2. The method of claim 1, wherein the biochemical knowledgebase includes information regarding the organism's genome, proteome, RNAs, metabolic pathways and reactions, macromolecular synthesis pathways and reactions, energy sources and uses, reaction by-products, protein complexes, reactions to post-translationally
modify/functionalize protein complexes, macromolecular synthesis machinery, transcription units, lipid content, metal ion requirements, amino acid content, or any combination thereof.
3. The method of claim 1, wherein the knowledgebase includes a growth rate- dependent calculation of a structural reaction using lipid content, metal ion content, energy requirements of the organism, dNTP requirements for the production of the organism's genome, ribosome production or any combination thereof.
4. The method of claim 1 , wherein the perturbation of the organism or its environment is a change in genetic or environmental parameters.

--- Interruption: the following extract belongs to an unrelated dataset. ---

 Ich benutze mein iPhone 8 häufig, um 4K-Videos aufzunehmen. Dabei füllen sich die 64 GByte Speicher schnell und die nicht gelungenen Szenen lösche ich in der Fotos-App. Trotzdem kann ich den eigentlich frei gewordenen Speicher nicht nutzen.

5. The method of claim 4, wherein the change in genetic or environmental parameters is selected from the group consisting of: change in the composition of growth media, sugar source, carbon source, nitrogen source, phosphorous source, growth rate, ribosome production, antibiotic presence, oxygen level, efficiency of macromolecular machinery, subjection to a chemical compound, genetic alteration, forced overproduction of a network component, introduction of heterologous genetic material, introduction of synthetic genetic material, inhibition or hyperactivity of at least one enzyme and any combination thereof.

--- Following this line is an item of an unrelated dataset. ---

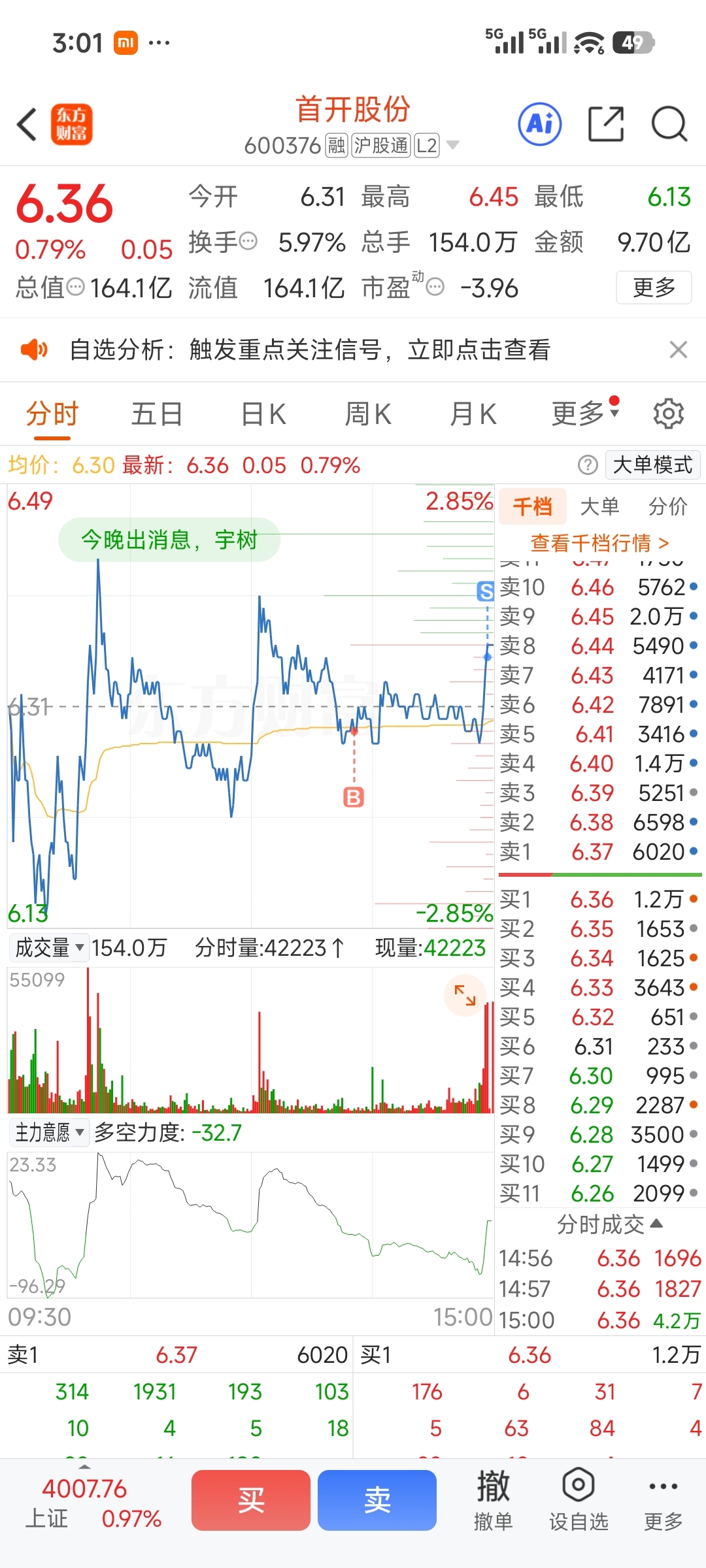 几乎清仓了,如果明天涨停,那就是我命中注定与你无缘

6. The method of claim 5, wherein the inhibition or hyperactivity of an enzyme is caused by an environmental change or genetic perturbation.
7. The method of claim 6, wherein the environmental change is the presence, absence, or concentration of antibiotics.
8. The method of claim 6, wherein the genetic perturbation is directed protein engineering of specific chemical residues leading to modulated catalytic efficiency.
9. The method of claim 5, where inhibition or hyperactivity of an enzyme is a decrease or increase to the efficiency parameter.
10. The method of claim 5, wherein the change in genetic or environmental parameters includes introduction of heterologous and/or synthetic genetic material.
11. The method of claim 1 , wherein the perturbations are subsequently related to the endogenous regulatory network to determine regulators that may facilitate or interfere with the process of achieving a desired phenotype.
12. The method of claim 1, wherein the perturbations are related to the endogenous regulatory network to discover new regulatory capacities in the organism.
13. The method of claim 1, where perturbation is at least one change in basic model parameters to determine the most relevant parameters.
14. The method of claim 1, wherein the metabolic and macromolecular changes are selected from the group consisting of: alterations in gene expression, alterations in protein expression, alterations in RNA expression, translation, transcription, pathway activation or inactivation, production of metabolic by-products, energy use, growth rate, proteome changes and transcriptome changes or any combination thereof.
15. The method of claim 14, wherein the metabolic by-products are selected from the group consisting of acetate secretion and hydrogen production.
16. The method of claim 14, where in the proteome changes are selected from the group consisting of amino acid incorporation rate, protein production, macromolecular synthesis, ribosomal protein expression, expression of peptide chains, enzyme expression, enzyme activity, RNA to protein mass ratio, protein degradation, post translational protein modification, proteome fluxes, translation and protein expression profile or any
combination thereof.
17. The method of claim 14, wherein the transcriptome changes are selected from the group consisting of: gene expression, transcription, functional RNA expression, transcriptome fluxes, transcription rate, gene expression profile or any combination thereof.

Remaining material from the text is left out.